La Fernández Fierro se formó en 2001 y fue el resultado de un prototipo orquestal llamado La Fernández Branca (en honor a una marca de Fernet) que nació en 1998 cuando un grupo de músicos de la Escuela de Música Popular de Avellaneda (la frontera geográfica entre la Capital Federal y la provincia de Buenos Aires) se juntaron a ensayar inspirados por el sonido de Osvaldo Pugliese. “La postal de aquella época era el sótano de Las Palmas, una confitería que estaba enfrente del Centro Cultural San Martín, por donde pasaban y ensayaban todas las orquestas desde 1938. Había una movida de arte y una humedad increíble.

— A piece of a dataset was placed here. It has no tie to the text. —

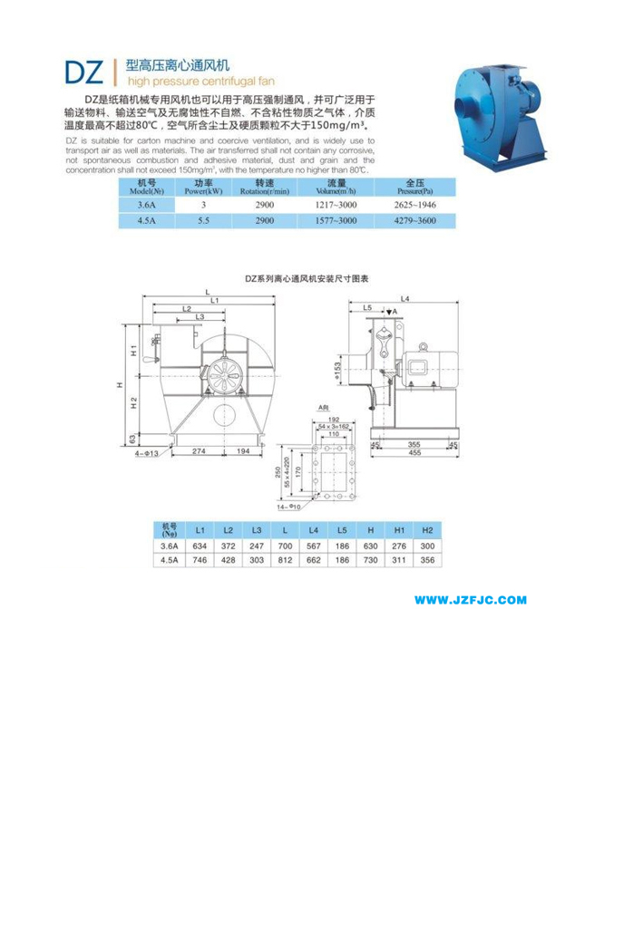 DZ是纸箱机械专用风机也可以用于高压强制通风,并可广泛用于输送物料、输送

Nosotros empezamos a ensayar ahí y se hacían reuniones del sindicato de varieté: había enanos de circo y casting de bataclanas para los teatros de revista. Yo tenía veintiún años y para mí era un flash. El otro día pasé y el lugar es ahora un supermercado chino. Les pedí si podía ir al sótano. Es el depósito de vino mejor acustizado del país”, rememora Julián Peralta, el primer director musical de la Fierro, que se desvinculó en 2005 para armar Astillero.
La orquesta típica como institución, que había dado nombres ilustres para el tango como Pugliese, Troilo, Salgán, D’Arienzo, estaba a punto de desaparecer. Pero a fines de los noventa la semilla de la orquesta típica prendía en una nueva generación de músicos. Primero fue la orquesta El Arranque, que en 1997 despertó conciencia revisitando a los grandes directores y se conectó con maestros como Leopoldo Federico, Julián Plaza y Emilio Balcarce. Además, impulsó proyectos como la Orquesta Escuela, con el fin de recuperar los distintos estilos de las típicas para que lo toquen jóvenes instrumentistas. En otra línea, que podría llamarse la corriente de Boedo –menos académica, más callejera–, se empezaron a gestar nuevos proyectos como La Imperial, La Furca y la Fernández Branca, que tenían un perfil más cooperativo. “Éramos varios músicos jóvenes con la idea de recrear el movimiento de orquestas que eran una especie en extinción. Nos reuníamos en Boedo, en una biblioteca popular. Allí funcionamos durante un año como una especie de cooperativa de músicos. Nos servía para compartir experiencias, organizábamos conciertos cada quince días, con la pauta estética de que las orquestas hicieran sus propios arreglos. Llegamos a ser cinco orquestas. Algunas siguieron como la Fernández Fierro o La Imperial. Ese fue el caldo de cultivo para lo que está pasando ahora”, recuerda Federico Vázquez, que en ese entonces tocaba con La Orquesta La Furca, ya desaparecida.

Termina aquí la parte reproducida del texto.